→ Work request
Retype the listing below line for line, but only from the line with "Квартира площадью 16" down to the line with "That brings me", inclusive. Pictures stay out.

→ Records to process

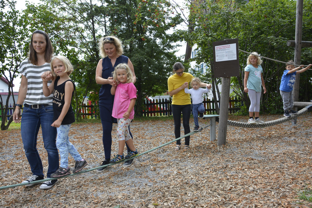 Spiel und Spaß mit anderen Kindern erleben. Auf dem Spielplatz der VS Haselstauden helfen die Mamas beim Balancieren.
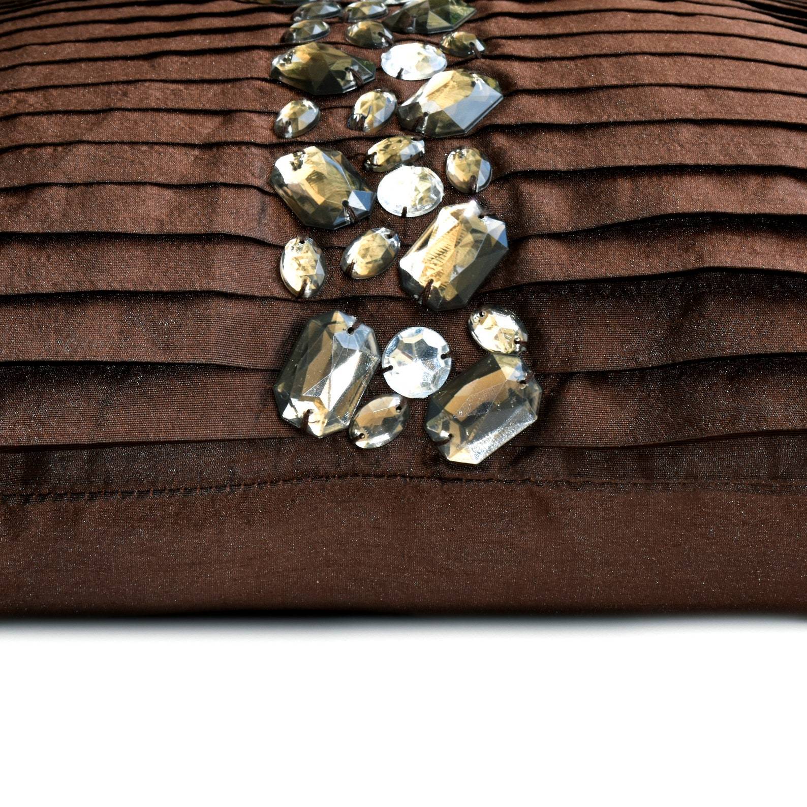 The Homecentric Crystal Dreams - Art Silk Brown Decorative Lumbar Pillow Cover
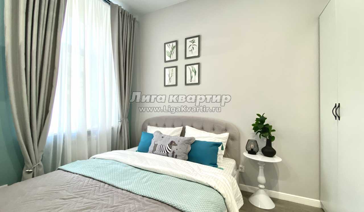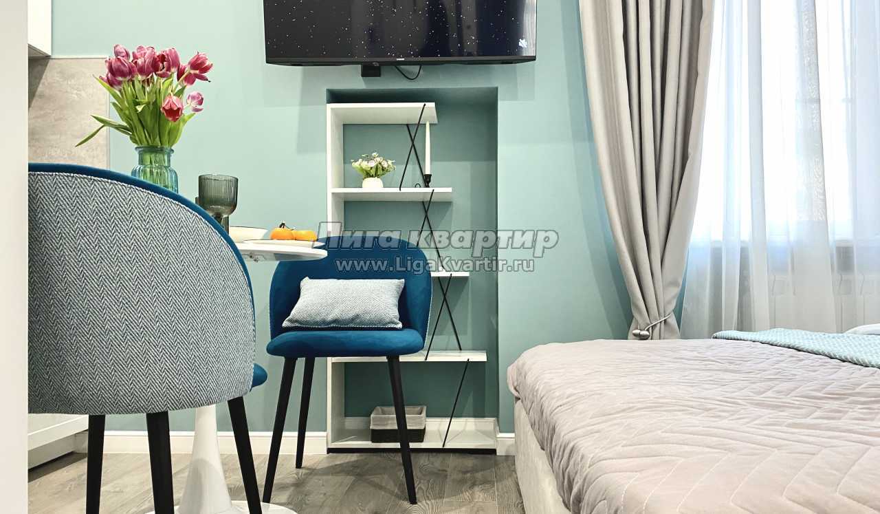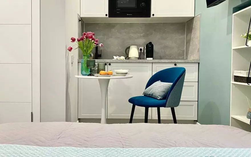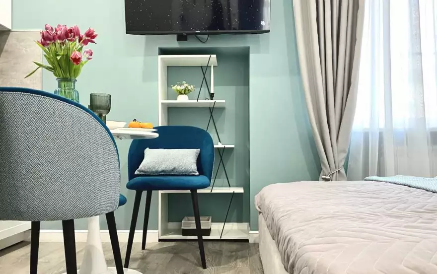 Квартира площадью 16 м² оформлена в современном дизайнерском стиле с продуманной планировкой. В спальной зоне — удобная двуспальная кровать с качественным матрасом, мягким текстилем и аккуратным декором. Интерьер выполнен в светлых оттенках с акцентами, создающими уютную и спокойную атмосферу.
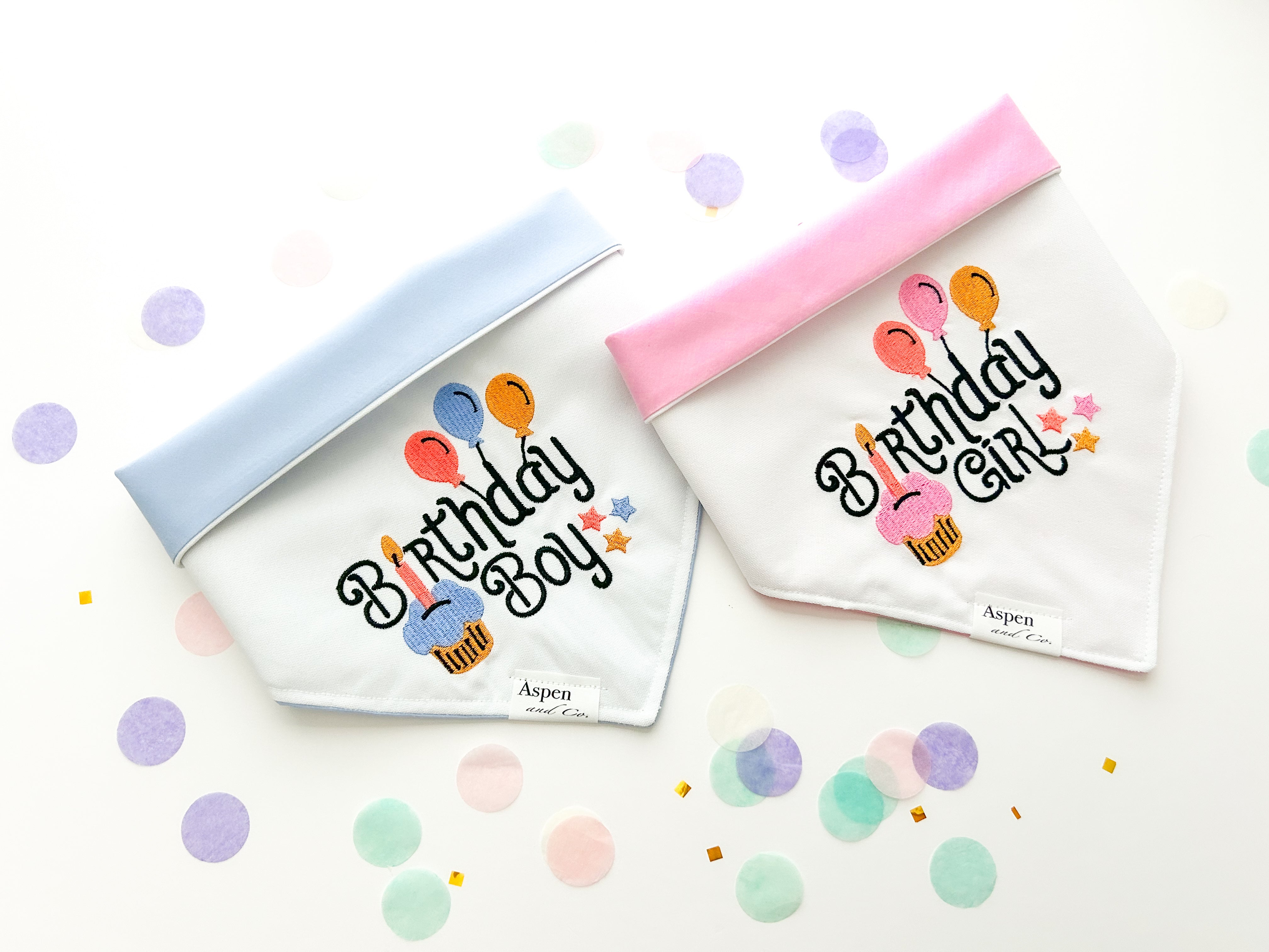 Birthday party, Gotcha Day, and celebration dog bandanas.
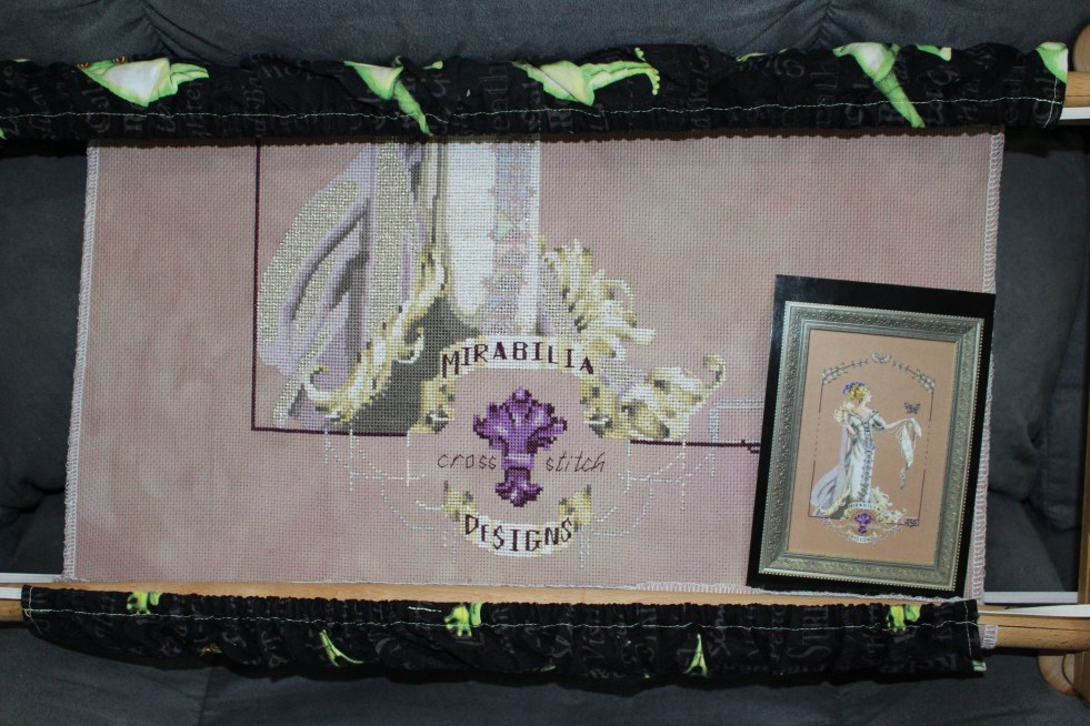 That brings me to my current project.  A cross stitch project that I started in 2018.  I am still working on conquering all of my WIP’s and have been so proud of myself that I have not started a new project yet.  This is Lady Mirabilia from Mirabilia.  I started her in July of 2018 and had put her away, probably to start a new project.  Here is what she looked like when I picked her up last week.
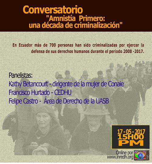 Comunicación Inredh 11/05/2017 Conversatorio «Amnistía Primero: una década de criminalización» Más de 700 personas en Ecuador han sido criminalizados por ejercer su derecho a la resistencia, a la organización o por defender los derechos humanos intrínsecos de cada ser. Este miércoles, 17 de mayo de 2017, a las 15:00, analizaremos el contexto de […]
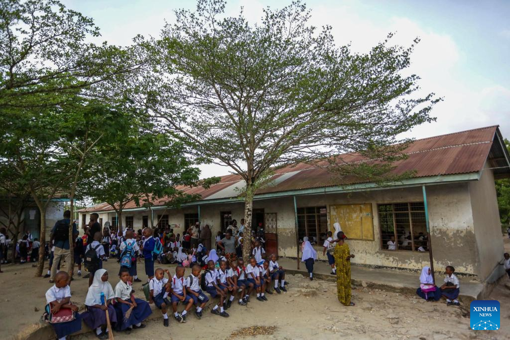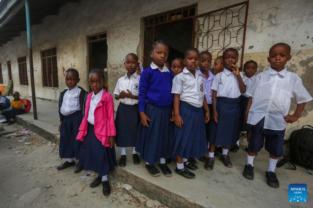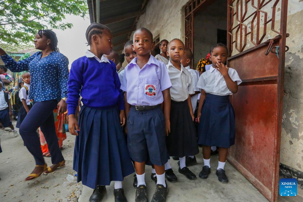 Tanzanian first-grade pupils mark their first day of school in Dar es Salaam, Tanzania, on Jan. 13, 2025. Tanzanian elementary school students marked the first day of school on Monday. (Xinhua/Emmanuel Herman)
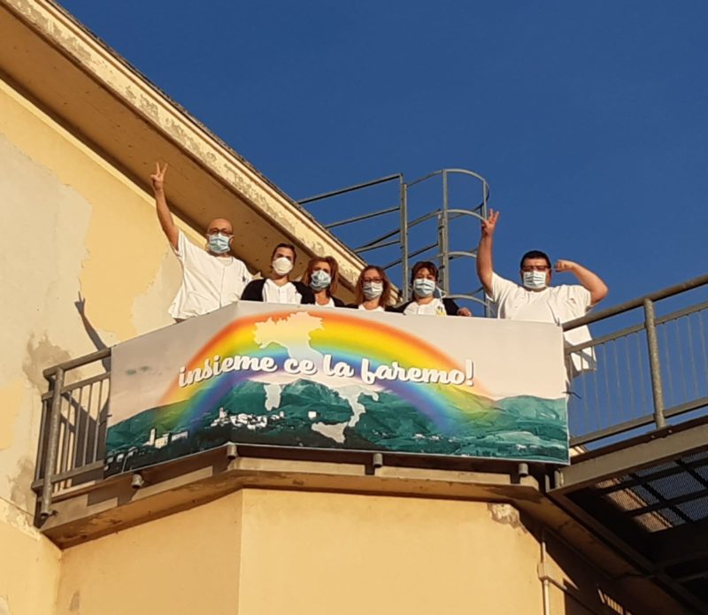 Sassoferrato – Un arcobaleno dall’ospedale per dire che “Insieme ce la faremo”. Da questa mattina, 13 marzo, sulla ringhiera dell’ospedale di comunità Sant’Antonio Abate, c’è uno splendido striscione. E’ un arcobaleno che illumina il paesaggio sentinate dove si riconosce il Castello di Sassoferrato, il Monte Strega e ricorda l’Italia con lo slogan “Insieme ce la faremo”. L’iniziativa è degli infermieri, Oss e dei medici che lavorano nelle corsie del nosocomio sentinate. Un gesto importante in un luogo strategico. Il messaggio avvicina le persone in un momento dove tutti dobbiamo essere lontani l’uno dell’altro ed è affisso sulla facciata di un nosocomio che, sulla scacchiera della riorganizzazione sanitaria degli ospedali delle Marche, è al servizio dei pazienti non coronavirus dell’anconetano.

→ Task solution
 Квартира площадью 16 м² оформлена в современном дизайнерском стиле с продуманной планировкой. В спальной зоне — удобная двуспальная кровать с качественным матрасом, мягким текстилем и аккуратным декором. Интерьер выполнен в светлых оттенках с акцентами, создающими уютную и спокойную атмосферу.
 Birthday party, Gotcha Day, and celebration dog bandanas.
 That brings me to my current project.  A cross stitch project that I started in 2018.  I am still working on conquering all of my WIP’s and have been so proud of myself that I have not started a new project yet.  This is Lady Mirabilia from Mirabilia.  I started her in July of 2018 and had put her away, probably to start a new project.  Here is what she looked like when I picked her up last week.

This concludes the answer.